TASK TO COMPLETE |
Give the number of lines in the data below that contain "oben", and only that number.

───

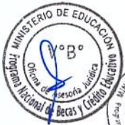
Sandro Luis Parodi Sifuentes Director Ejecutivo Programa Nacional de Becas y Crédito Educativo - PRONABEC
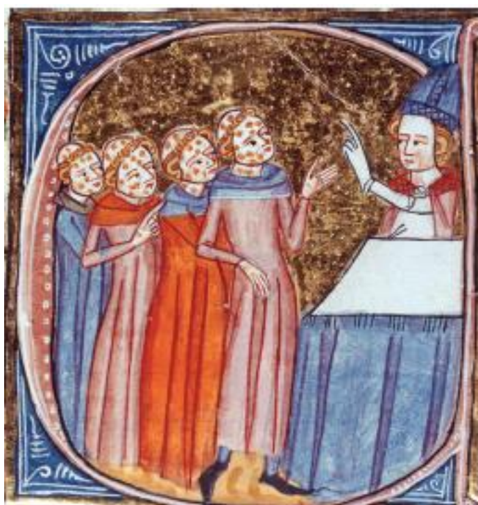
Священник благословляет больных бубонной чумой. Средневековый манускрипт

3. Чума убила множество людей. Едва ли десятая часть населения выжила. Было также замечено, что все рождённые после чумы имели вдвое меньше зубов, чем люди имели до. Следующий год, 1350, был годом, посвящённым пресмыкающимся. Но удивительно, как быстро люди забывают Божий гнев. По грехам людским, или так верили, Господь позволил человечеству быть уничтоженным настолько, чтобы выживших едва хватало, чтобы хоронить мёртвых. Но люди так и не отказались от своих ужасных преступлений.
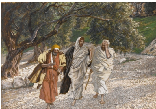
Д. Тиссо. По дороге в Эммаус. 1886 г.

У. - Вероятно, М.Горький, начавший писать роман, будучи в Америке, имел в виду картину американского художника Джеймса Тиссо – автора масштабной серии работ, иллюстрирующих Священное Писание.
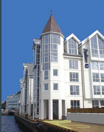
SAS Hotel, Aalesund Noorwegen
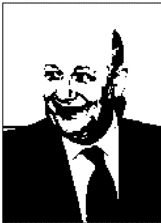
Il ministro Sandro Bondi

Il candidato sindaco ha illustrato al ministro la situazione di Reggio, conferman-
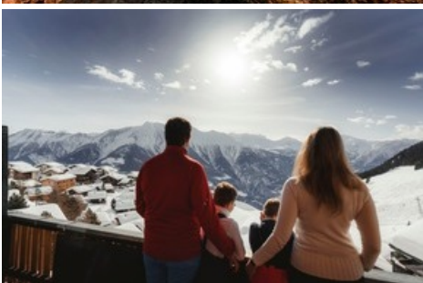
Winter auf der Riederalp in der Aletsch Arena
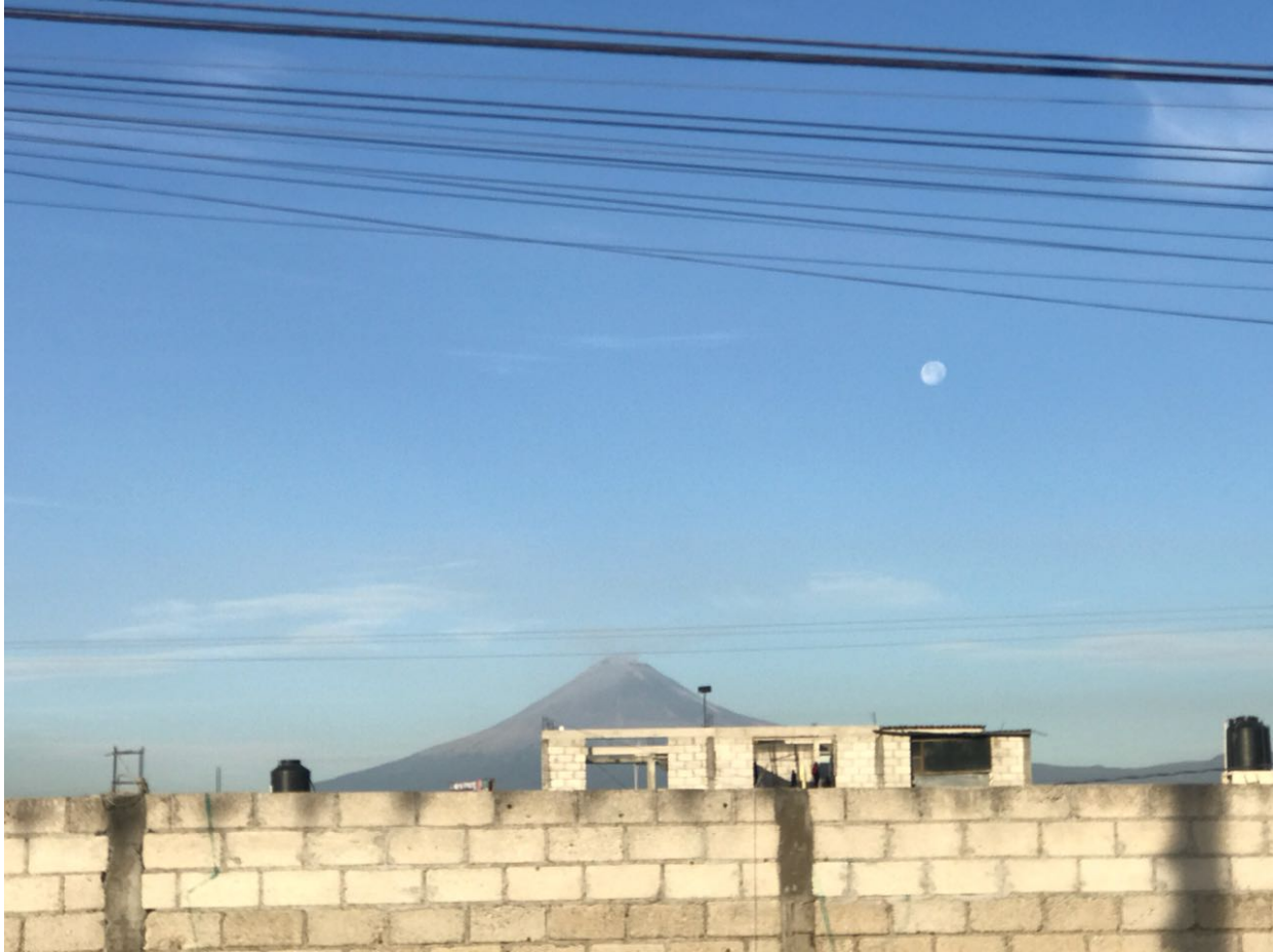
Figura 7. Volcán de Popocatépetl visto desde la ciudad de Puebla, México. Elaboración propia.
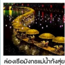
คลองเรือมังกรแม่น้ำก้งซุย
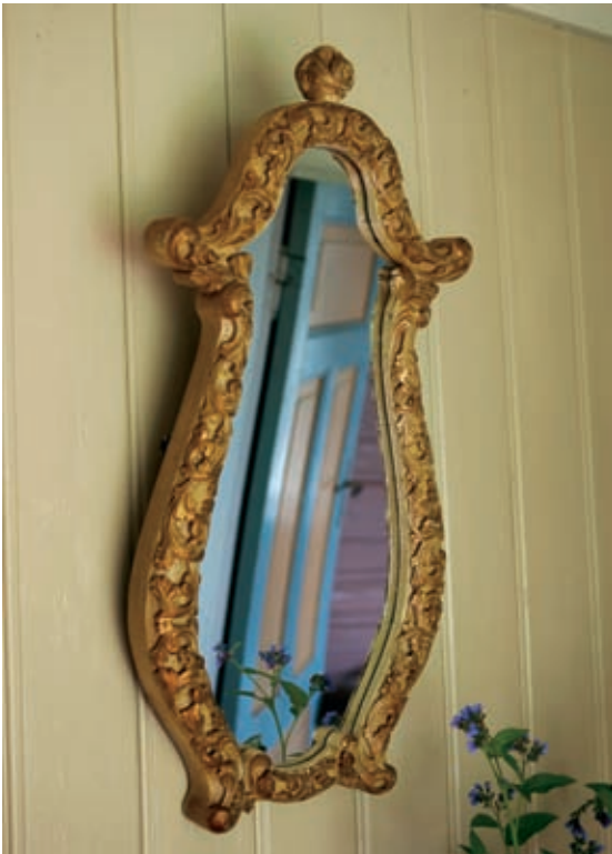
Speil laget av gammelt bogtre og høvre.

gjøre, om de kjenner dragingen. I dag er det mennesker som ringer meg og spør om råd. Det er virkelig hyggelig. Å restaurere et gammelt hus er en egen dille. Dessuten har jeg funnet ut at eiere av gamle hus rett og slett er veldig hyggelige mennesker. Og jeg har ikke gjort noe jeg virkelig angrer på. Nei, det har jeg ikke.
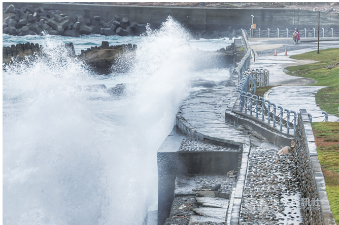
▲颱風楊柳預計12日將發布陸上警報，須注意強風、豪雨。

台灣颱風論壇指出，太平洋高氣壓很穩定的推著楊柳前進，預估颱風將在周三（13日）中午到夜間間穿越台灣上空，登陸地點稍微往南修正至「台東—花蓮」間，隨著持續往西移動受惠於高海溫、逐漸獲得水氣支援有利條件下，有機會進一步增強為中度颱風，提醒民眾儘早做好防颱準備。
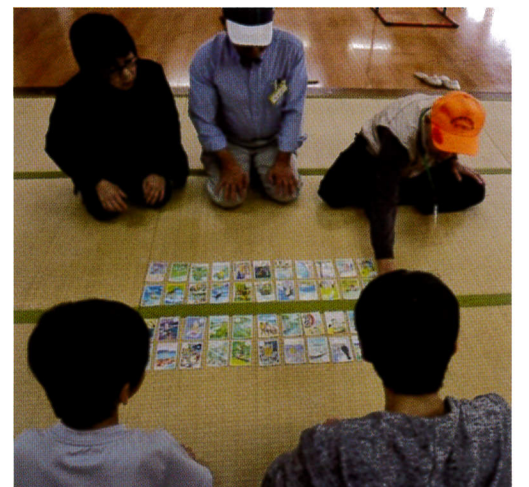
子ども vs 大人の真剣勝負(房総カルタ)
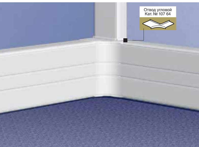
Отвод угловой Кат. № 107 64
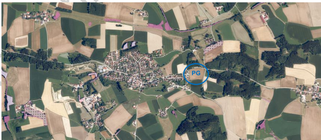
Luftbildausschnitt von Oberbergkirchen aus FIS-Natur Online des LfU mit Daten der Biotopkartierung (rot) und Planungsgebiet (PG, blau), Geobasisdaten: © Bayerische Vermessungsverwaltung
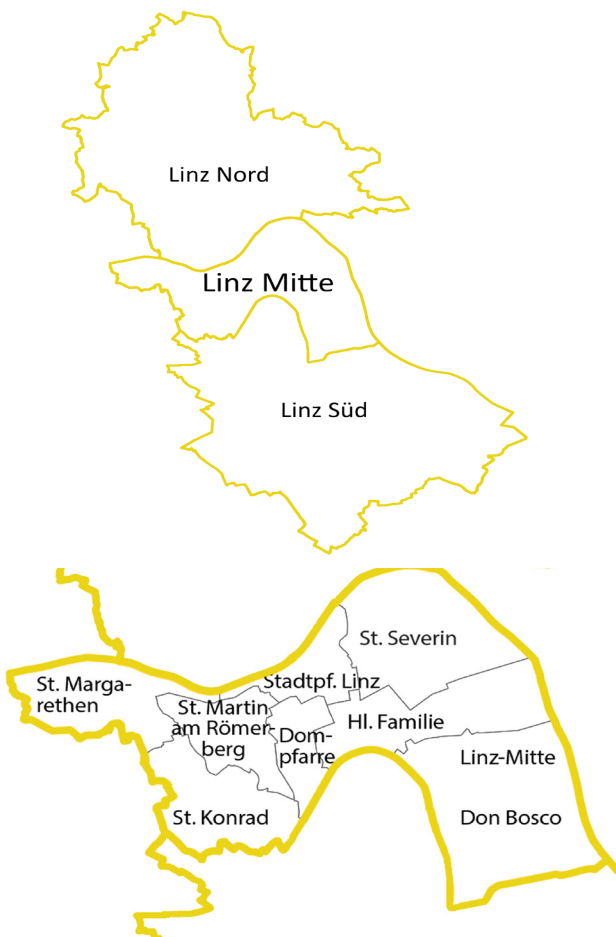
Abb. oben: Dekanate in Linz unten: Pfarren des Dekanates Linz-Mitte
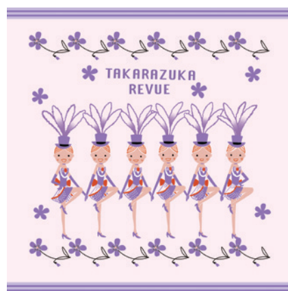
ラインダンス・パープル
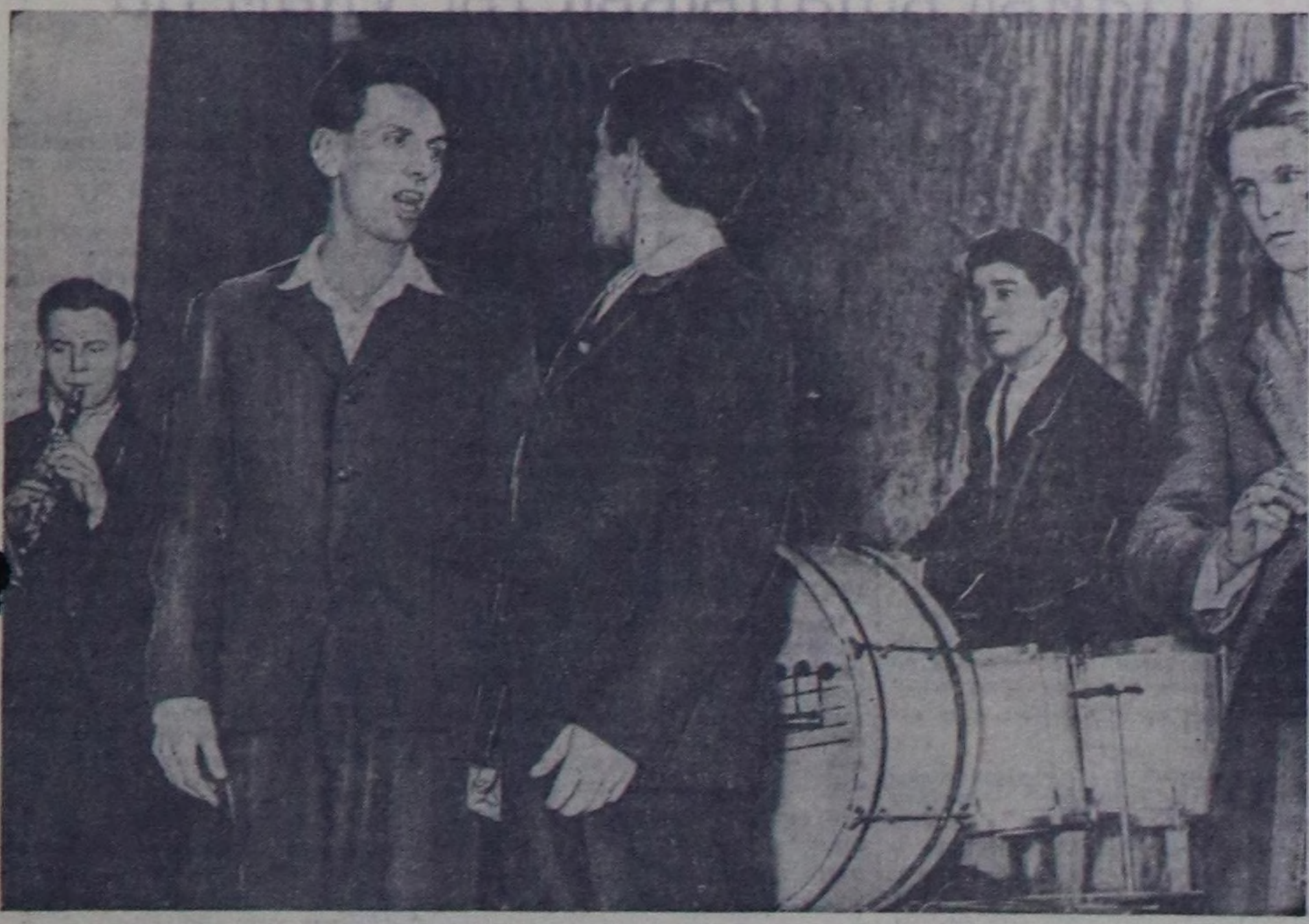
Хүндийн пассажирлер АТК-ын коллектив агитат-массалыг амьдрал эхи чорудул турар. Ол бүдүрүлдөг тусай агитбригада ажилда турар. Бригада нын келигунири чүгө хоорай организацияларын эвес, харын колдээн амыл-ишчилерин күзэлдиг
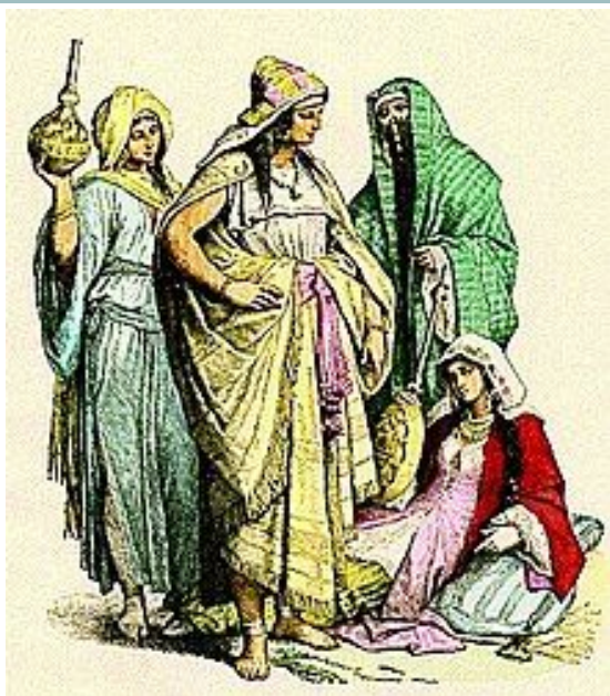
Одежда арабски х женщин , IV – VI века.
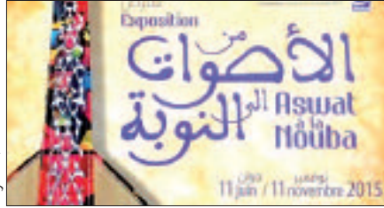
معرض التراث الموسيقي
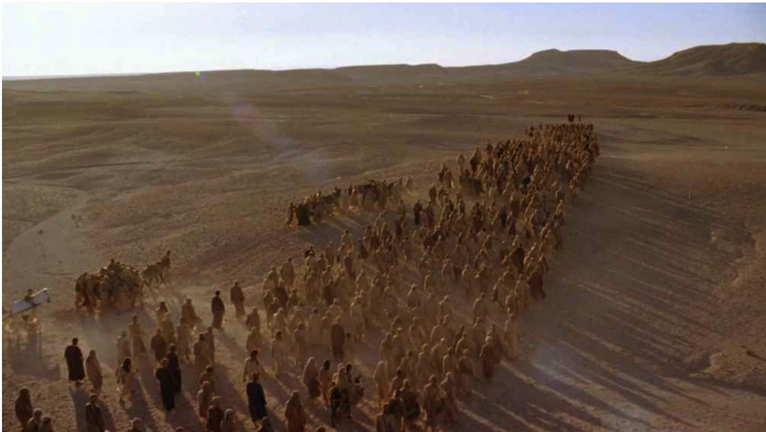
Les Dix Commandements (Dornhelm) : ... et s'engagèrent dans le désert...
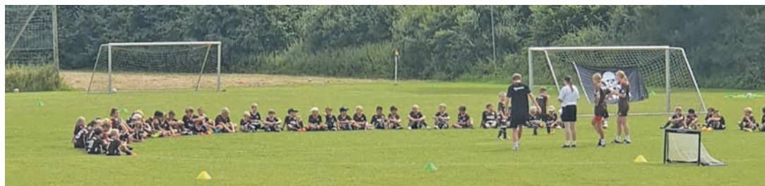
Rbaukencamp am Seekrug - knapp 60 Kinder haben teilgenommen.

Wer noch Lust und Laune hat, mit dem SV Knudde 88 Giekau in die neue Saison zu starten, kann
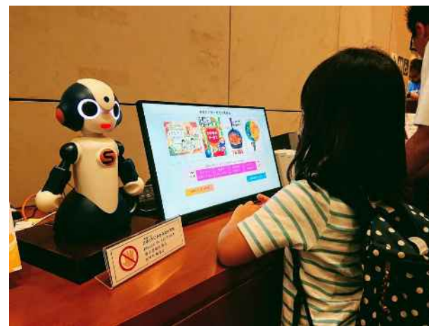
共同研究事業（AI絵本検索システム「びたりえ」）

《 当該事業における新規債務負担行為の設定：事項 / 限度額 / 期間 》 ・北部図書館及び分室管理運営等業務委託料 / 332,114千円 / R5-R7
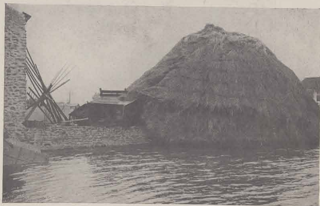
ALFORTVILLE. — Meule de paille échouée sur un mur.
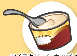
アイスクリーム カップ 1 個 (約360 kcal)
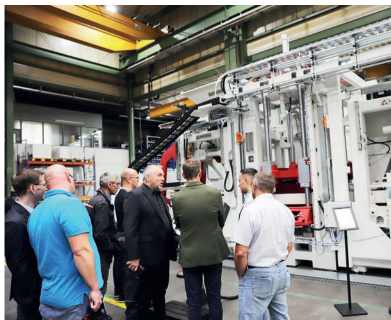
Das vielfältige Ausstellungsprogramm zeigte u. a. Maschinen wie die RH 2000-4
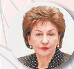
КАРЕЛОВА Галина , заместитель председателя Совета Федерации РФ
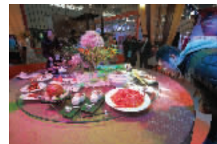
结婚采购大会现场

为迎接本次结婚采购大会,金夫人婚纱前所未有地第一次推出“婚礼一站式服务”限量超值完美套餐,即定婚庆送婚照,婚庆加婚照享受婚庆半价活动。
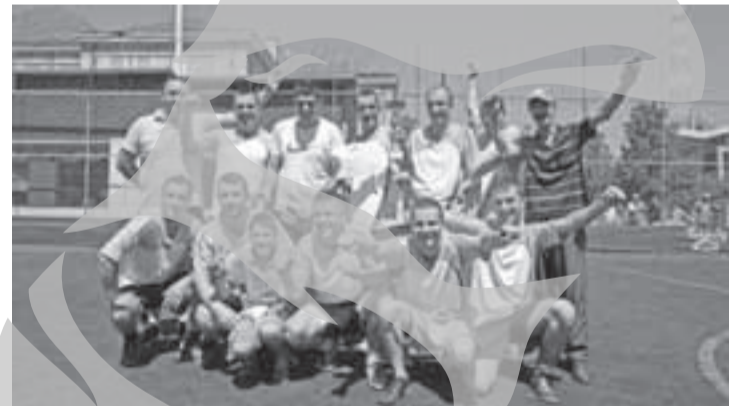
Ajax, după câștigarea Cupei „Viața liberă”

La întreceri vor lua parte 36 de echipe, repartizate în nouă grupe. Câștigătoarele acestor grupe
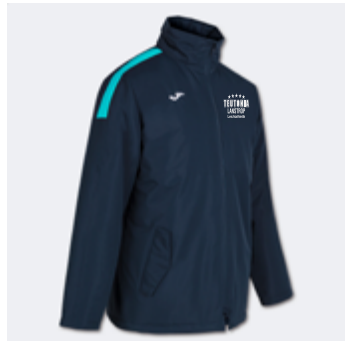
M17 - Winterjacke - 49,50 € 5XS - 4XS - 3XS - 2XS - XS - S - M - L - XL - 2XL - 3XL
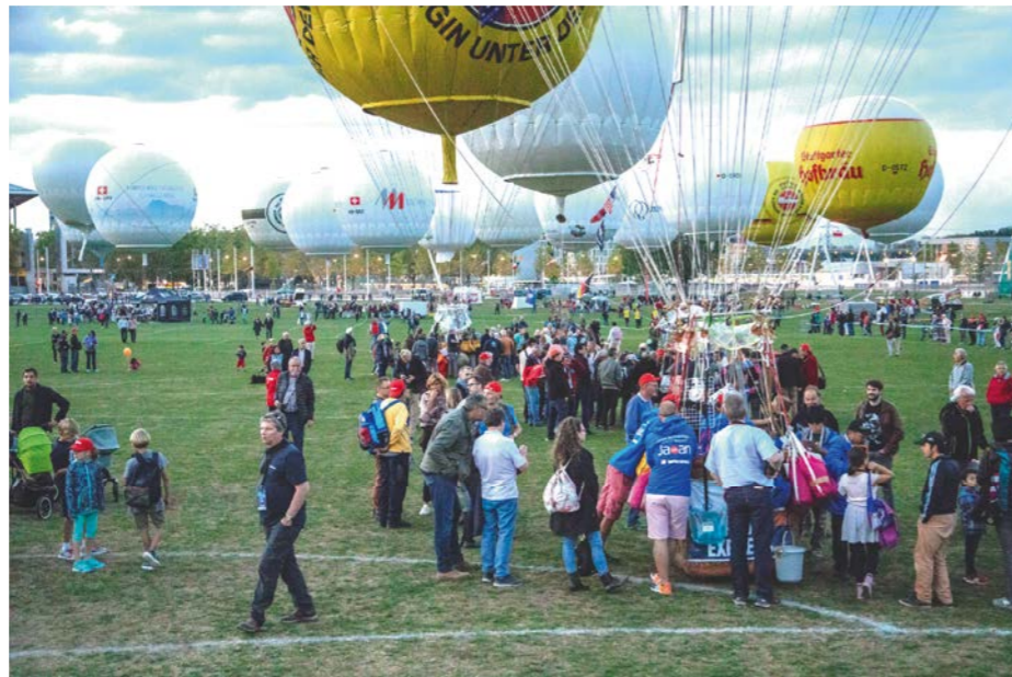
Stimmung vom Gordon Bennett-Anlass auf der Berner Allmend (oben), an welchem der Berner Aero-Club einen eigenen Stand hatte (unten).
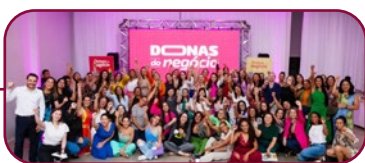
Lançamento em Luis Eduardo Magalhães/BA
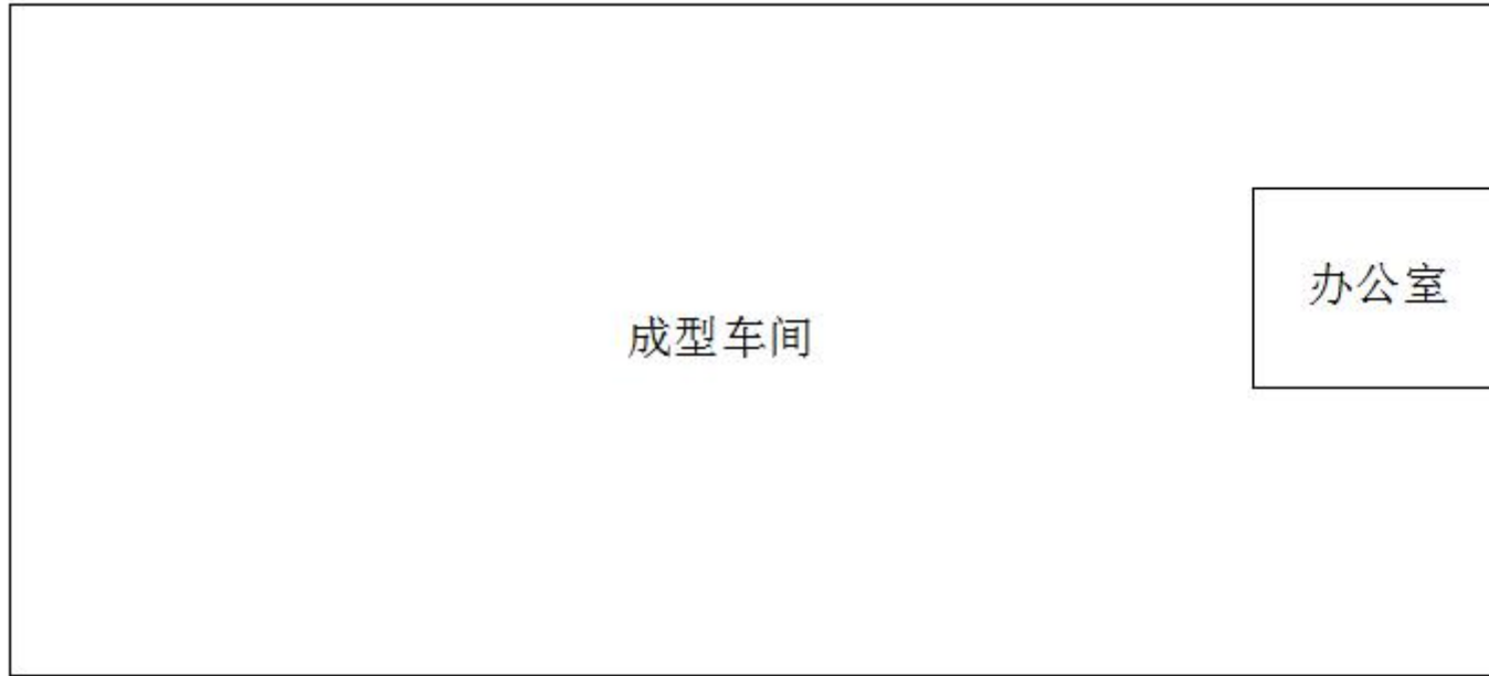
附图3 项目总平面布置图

───

EXERCISE OUTPUT |
2